I can compare strength to growing plants (or muscle fibers). Plant more seeds and provide them the resources necessary to grow. I want a huge forest full of big strong trees but those big trees have to start from somewhere. I’ll just keep buying more land and planting more seeds.

It’s not a coincidence why the strongest people are super jacked.[/quote]
“Sarcoplasmic hypertrophy” has never been proven to be able to occur separately, nor in disproportionate amounts, regardless of rep range.

I remember reading about some steroid gurus trying to induce hyperplasia in muscles with synthol combined with pump training. I doubt it worked. Even the occurrence of localized growth with IGF-1 site injections is still a theory.

[quote]dt79 wrote:
“Sarcoplasmic hypertrophy” has never been proven to be able to occur separately, nor in disproportionate amounts, regardless of rep range.

I remember reading about some steroid gurus trying to induce hyperplasia in muscles with synthol combined with pump training. I doubt it worked. Even the occurrence of localized growth with IGF-1 site injections is still a theory.[/quote]

Fair enough. In that case someone that is not very strong for their size may not have the neural adaptations from lifting very heavy and probably lacks technical proficiency. It’s reasonable to assume those two areas having a huge impact on strength.

[quote]bulldog9899 wrote:

[quote]Philly wrote:
That plus a fracture in my lower back disk have always made the squat too painful for me. [/quote]
Um other then one person…some of you guys are glossing over this important bit of info by the OP.[/quote]

OP- Were you cleared to lift heavy again by your doc?

[quote]dt79 wrote:
Pyramiding is done like this:

E.g., bench: working up to 315 for reps

135 x 12, 225 x 8, 275 x 6, 315 x max(around 4-6reps or even more if possible or if feeling strong or getting a bro spot, add another 10-20lbs and go for a double or whatever).

It is not a “method”. It is just a logical way of working up to 1-2 top sets. I don’t know which author gave you the idea of taking all the sets to failure, but he is WRONG.

Conversely, you can do this:

135 x 12, 225 x 5, 275 x 3, 315 x max, joker sets

Does this look familiar?[/quote]

What you’re describing is just a warm-up. A good way to warm-up, the way I warm-up virtually every time now, but not the old “pyramid workout,” which is still out there all over the internet.
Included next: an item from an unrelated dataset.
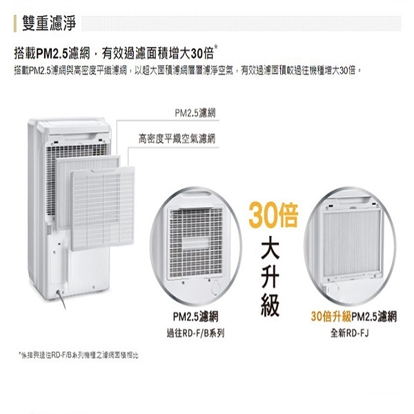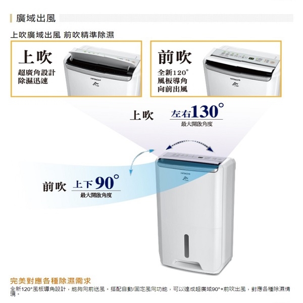 自動除霜‧濕度顯示/設定‧自定濕度‧快速乾衣‧停電自動復歸裝置‧超廣角上吹+前吹‧LED運轉模式指示燈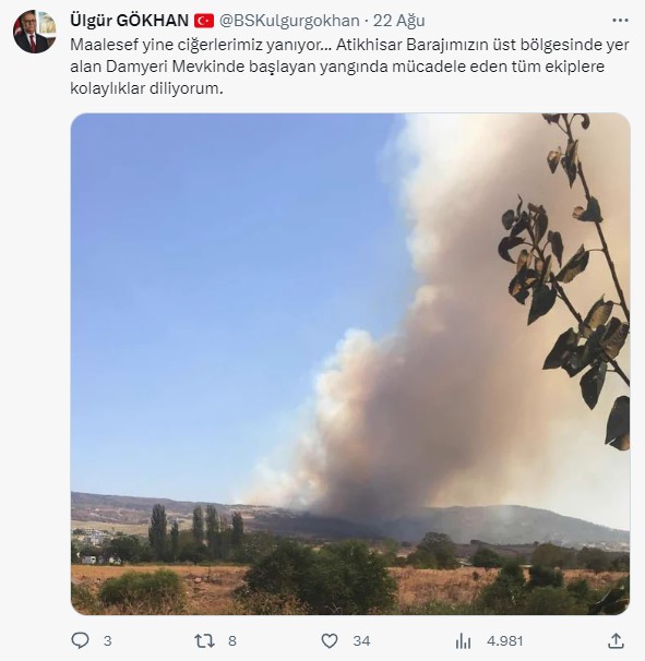 Atıkhisar Barajımızın üst bölgesinde yer alan Damyeri Mevkii'nde başlayan yangında mücadele eden tüm ekiplere kolaylıklar dilerim" yazdı.

Bodybuilding.com is still full of workouts like it, telling you to lift “heavy” but with never more than 90 or 60 seconds rest, to failure, increasing the weight, etc. I even recently saw a Rich Piana video where he actually DISCOURAGES using the pyramid the way you describe it (eg. “saving yourself” for the top work sets), and recommends going all out on every single set (he even says you’re likely to get MORE reps on the top set this way because of just how “mentally pumped” you are or something).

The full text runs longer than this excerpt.